**Provided data**
........

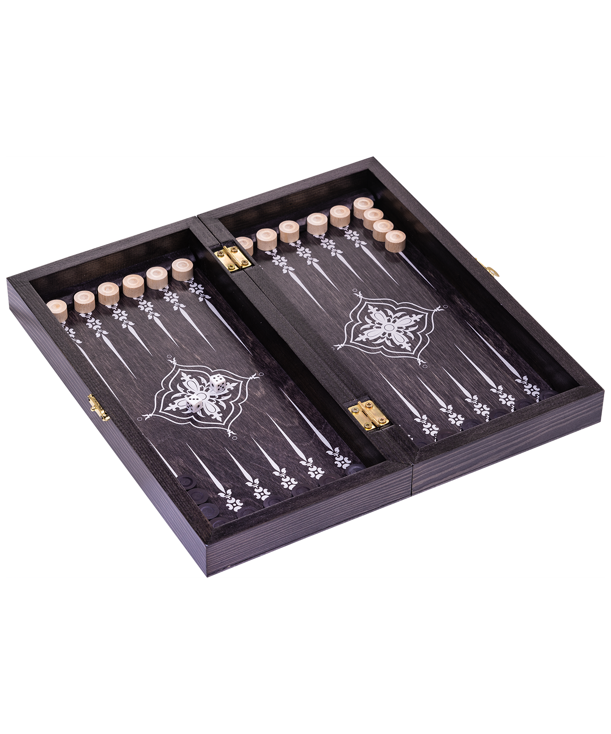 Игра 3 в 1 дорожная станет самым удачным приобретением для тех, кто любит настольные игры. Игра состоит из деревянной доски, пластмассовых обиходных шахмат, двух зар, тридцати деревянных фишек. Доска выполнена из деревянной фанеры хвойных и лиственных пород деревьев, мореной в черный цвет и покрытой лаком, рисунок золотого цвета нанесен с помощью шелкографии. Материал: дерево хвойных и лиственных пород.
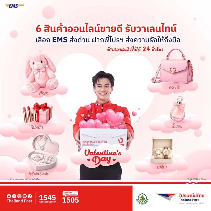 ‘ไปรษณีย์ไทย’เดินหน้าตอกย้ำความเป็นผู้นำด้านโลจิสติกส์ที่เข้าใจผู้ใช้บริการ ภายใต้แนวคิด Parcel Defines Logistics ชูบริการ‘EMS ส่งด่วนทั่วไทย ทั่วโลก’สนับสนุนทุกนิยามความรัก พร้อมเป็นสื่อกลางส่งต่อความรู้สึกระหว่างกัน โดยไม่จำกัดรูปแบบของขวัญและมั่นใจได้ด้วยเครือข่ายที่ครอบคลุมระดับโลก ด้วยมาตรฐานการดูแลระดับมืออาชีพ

........

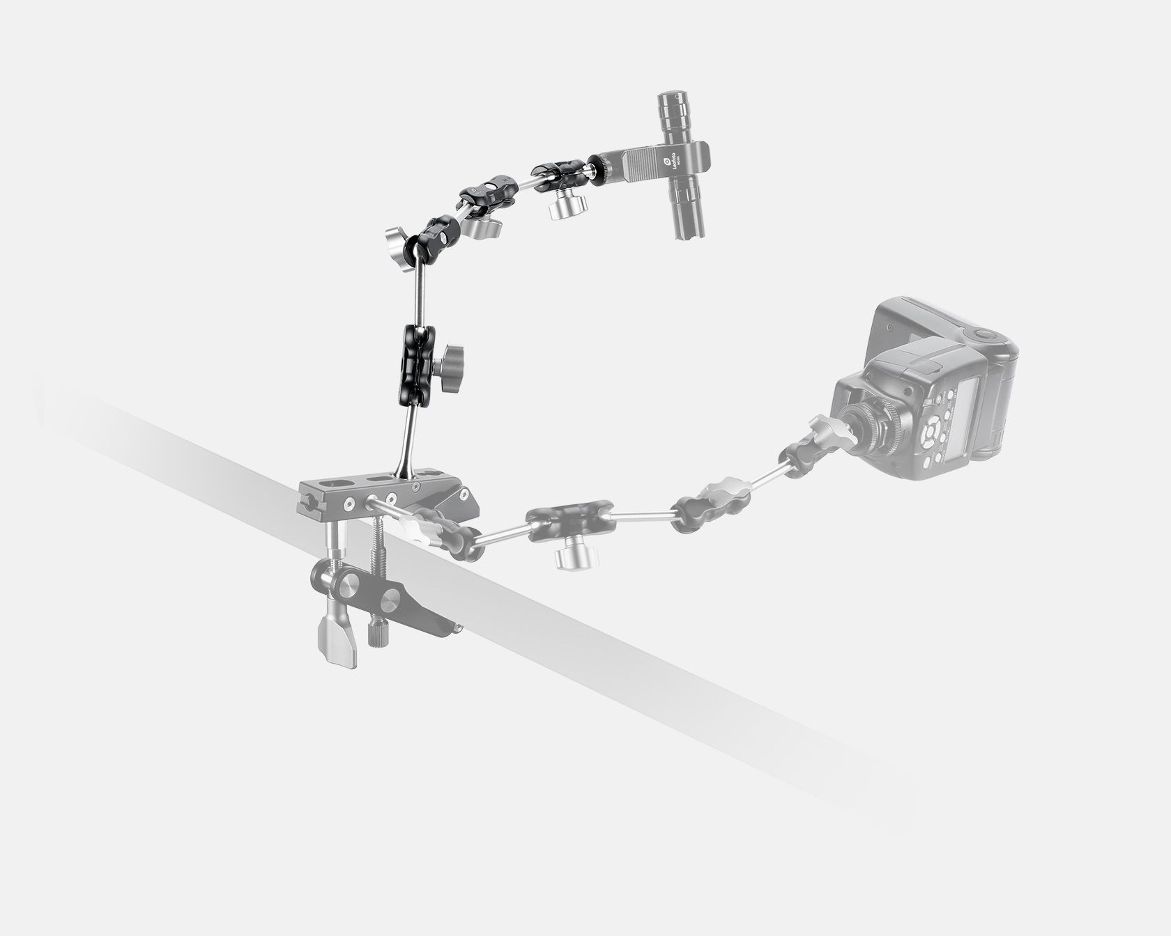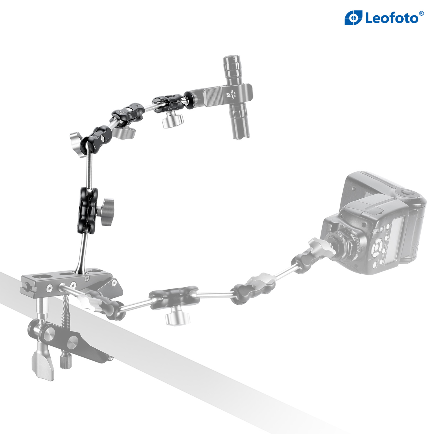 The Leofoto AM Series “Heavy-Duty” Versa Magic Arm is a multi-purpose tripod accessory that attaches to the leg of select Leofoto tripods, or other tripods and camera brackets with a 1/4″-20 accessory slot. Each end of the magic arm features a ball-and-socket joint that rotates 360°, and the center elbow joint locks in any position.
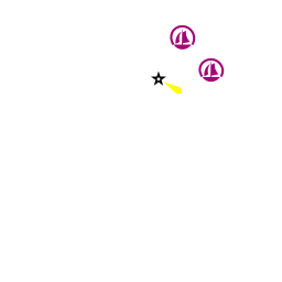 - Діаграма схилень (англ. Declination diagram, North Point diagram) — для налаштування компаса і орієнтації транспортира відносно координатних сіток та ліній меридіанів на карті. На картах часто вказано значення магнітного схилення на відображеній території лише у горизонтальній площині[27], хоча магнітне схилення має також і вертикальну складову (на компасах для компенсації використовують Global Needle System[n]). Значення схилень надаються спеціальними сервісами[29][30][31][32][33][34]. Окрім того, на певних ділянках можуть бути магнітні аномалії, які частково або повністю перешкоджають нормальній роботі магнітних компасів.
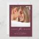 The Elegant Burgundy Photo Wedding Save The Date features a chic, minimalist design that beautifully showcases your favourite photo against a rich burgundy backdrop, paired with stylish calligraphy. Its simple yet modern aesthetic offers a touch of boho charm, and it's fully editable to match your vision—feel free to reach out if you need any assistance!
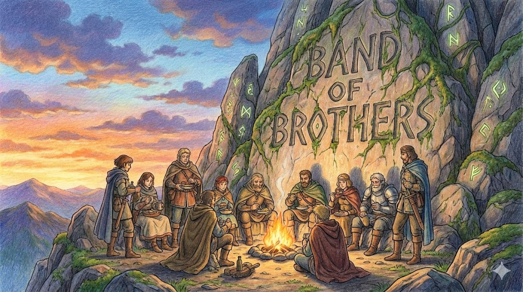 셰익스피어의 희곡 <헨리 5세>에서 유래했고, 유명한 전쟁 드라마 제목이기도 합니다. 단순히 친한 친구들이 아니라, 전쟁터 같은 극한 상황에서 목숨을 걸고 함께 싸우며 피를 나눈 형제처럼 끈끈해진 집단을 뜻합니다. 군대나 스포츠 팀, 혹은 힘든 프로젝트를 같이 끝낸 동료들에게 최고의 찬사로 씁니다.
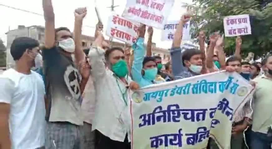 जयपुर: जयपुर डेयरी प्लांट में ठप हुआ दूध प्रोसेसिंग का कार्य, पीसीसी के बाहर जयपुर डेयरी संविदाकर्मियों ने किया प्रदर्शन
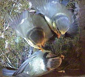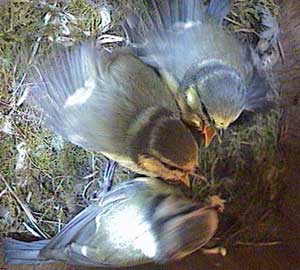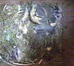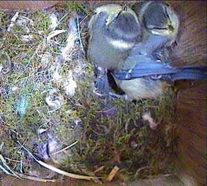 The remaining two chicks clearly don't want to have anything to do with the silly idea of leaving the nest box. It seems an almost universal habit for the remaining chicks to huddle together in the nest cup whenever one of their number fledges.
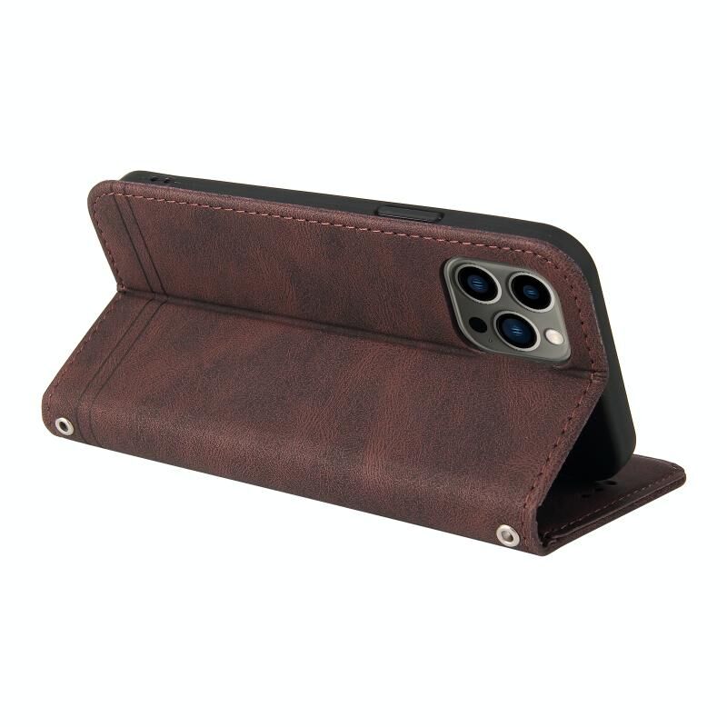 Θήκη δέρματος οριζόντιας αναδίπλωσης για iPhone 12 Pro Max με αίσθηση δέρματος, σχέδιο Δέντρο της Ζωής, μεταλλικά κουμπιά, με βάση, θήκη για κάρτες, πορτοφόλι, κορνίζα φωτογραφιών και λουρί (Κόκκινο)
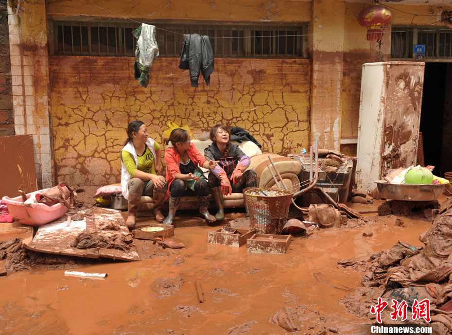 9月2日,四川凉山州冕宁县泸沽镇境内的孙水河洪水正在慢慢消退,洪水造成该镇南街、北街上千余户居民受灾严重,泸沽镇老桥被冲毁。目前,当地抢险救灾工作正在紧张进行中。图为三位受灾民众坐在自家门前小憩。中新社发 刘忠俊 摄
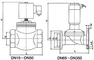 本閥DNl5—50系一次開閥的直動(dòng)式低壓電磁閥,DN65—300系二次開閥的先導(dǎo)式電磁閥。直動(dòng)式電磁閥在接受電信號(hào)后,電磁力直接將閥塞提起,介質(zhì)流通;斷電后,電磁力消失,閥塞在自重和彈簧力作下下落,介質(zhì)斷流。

........

**Action item**
Print nothing but the lines above starting with the line that contains "The Elegant Burgundy" and going on through the line that contains "셰익스피어의 희곡 <헨리". Leave out the pictures.

**Output of the task**
 The Elegant Burgundy Photo Wedding Save The Date features a chic, minimalist design that beautifully showcases your favourite photo against a rich burgundy backdrop, paired with stylish calligraphy. Its simple yet modern aesthetic offers a touch of boho charm, and it's fully editable to match your vision—feel free to reach out if you need any assistance!
 셰익스피어의 희곡 <헨리 5세>에서 유래했고, 유명한 전쟁 드라마 제목이기도 합니다. 단순히 친한 친구들이 아니라, 전쟁터 같은 극한 상황에서 목숨을 걸고 함께 싸우며 피를 나눈 형제처럼 끈끈해진 집단을 뜻합니다. 군대나 스포츠 팀, 혹은 힘든 프로젝트를 같이 끝낸 동료들에게 최고의 찬사로 씁니다.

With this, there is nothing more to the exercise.